[The data — start]
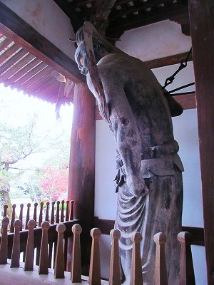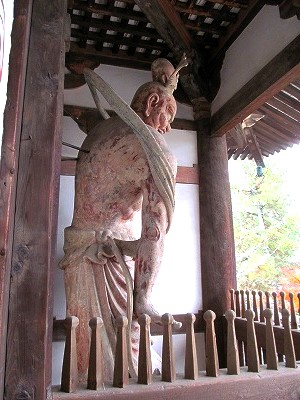 南大門の亜吽金剛力士像(国宝奈良時代で日本最古)の迫力がうかがえる作りが分かる(朱色と青色に彩色もされています)
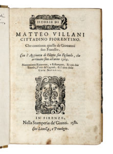 VILLANI Matteo, Istorie di Matteo Villani [...] che continua quelle di Giovanni suo Fratello. — Con l'aggiunta di Filippo suo figliuolo, che arrivano fino all'anno 1364... — Firenze : Nella stamperia de' Giunti, 1581. —
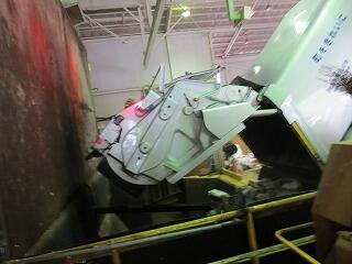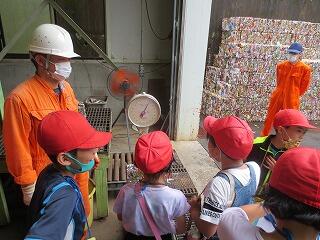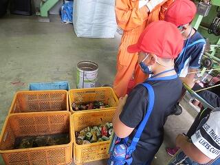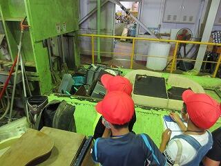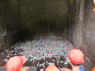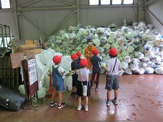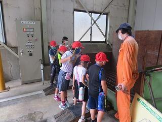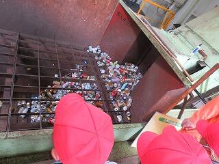 4年生が社会科見学で、西臼杵衛生センターに見学に行きました。まずはじめに、空き缶の処理の様子を見せてもらいました。所員の方がスイッチを押すと、大きな機械が動きだし、スチール缶とアルミ缶が分別され、プレスされて、直方体になって出てきました。その様子に子どもたちも大興奮です。それから可燃ゴミの投入口や不燃物の分別の様子、資源物の処理の仕方などの説明を受け、監視室の中も見せてもらいました。
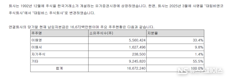 최대주주 이해영 회장(보유주식 5,560,424주, 지분율 33.35%)의 배당 수령 추정액은 약 10억원(5,560,424주 × 180원)이다. 특수관계인을 포함한 오너일가 전체 지분(약 49.85%)을 기준으로 하면 약 14억 7,000만원의 배당이 오너일가에 집중된다. 대림바스는 2013년 제46기부터 2025년 제58기까지 13회 연속 배당을 이어오고 있다.
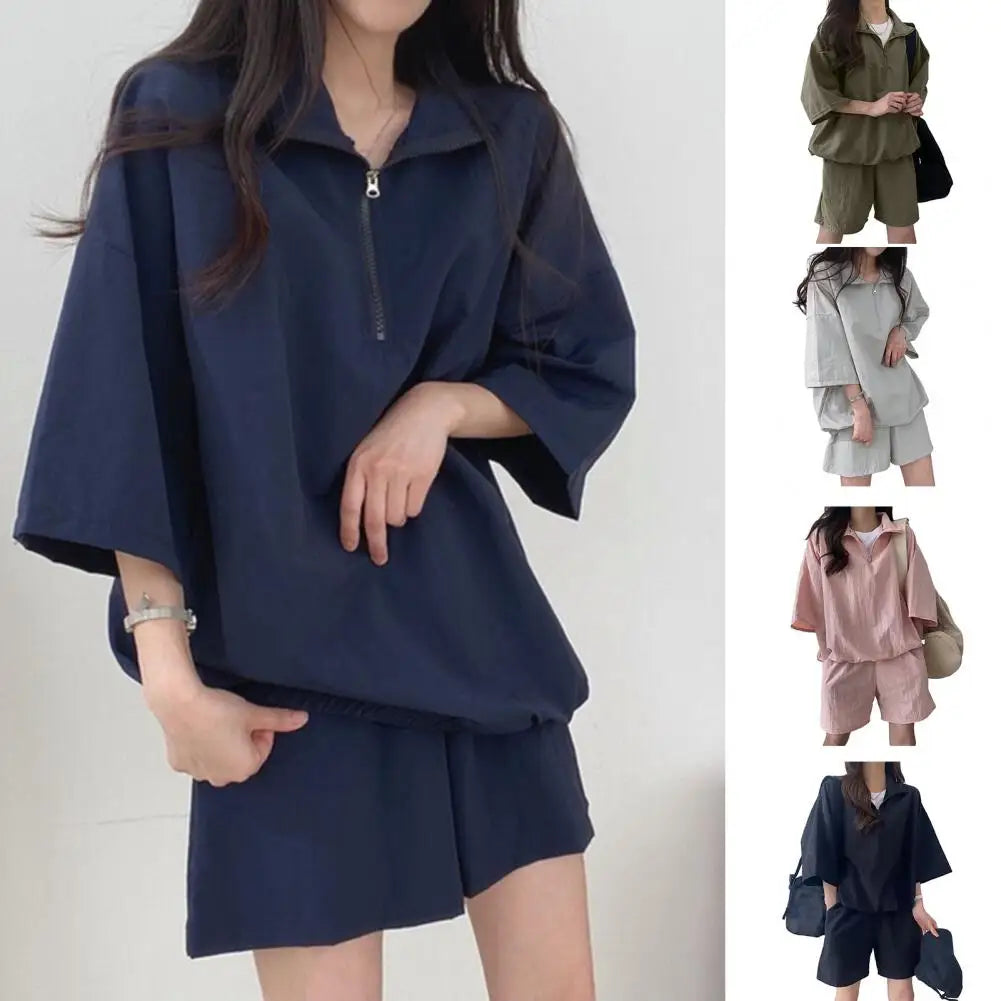Ladies Summer Suit Women's Oversized Tracksuit Set with Zipper Neck Pockets Loose Solid Color Top Shorts Combo for Female
[The data — finish]
— What is required —
In the copy, omit the pictures and reproduce every entry exactly.

— Exercise result —
 南大門の亜吽金剛力士像(国宝奈良時代で日本最古)の迫力がうかがえる作りが分かる(朱色と青色に彩色もされています)
 VILLANI Matteo, Istorie di Matteo Villani [...] che continua quelle di Giovanni suo Fratello. — Con l'aggiunta di Filippo suo figliuolo, che arrivano fino all'anno 1364... — Firenze : Nella stamperia de' Giunti, 1581. —
 4年生が社会科見学で、西臼杵衛生センターに見学に行きました。まずはじめに、空き缶の処理の様子を見せてもらいました。所員の方がスイッチを押すと、大きな機械が動きだし、スチール缶とアルミ缶が分別され、プレスされて、直方体になって出てきました。その様子に子どもたちも大興奮です。それから可燃ゴミの投入口や不燃物の分別の様子、資源物の処理の仕方などの説明を受け、監視室の中も見せてもらいました。
 최대주주 이해영 회장(보유주식 5,560,424주, 지분율 33.35%)의 배당 수령 추정액은 약 10억원(5,560,424주 × 180원)이다. 특수관계인을 포함한 오너일가 전체 지분(약 49.85%)을 기준으로 하면 약 14억 7,000만원의 배당이 오너일가에 집중된다. 대림바스는 2013년 제46기부터 2025년 제58기까지 13회 연속 배당을 이어오고 있다.
Ladies Summer Suit Women's Oversized Tracksuit Set with Zipper Neck Pockets Loose Solid Color Top Shorts Combo for Female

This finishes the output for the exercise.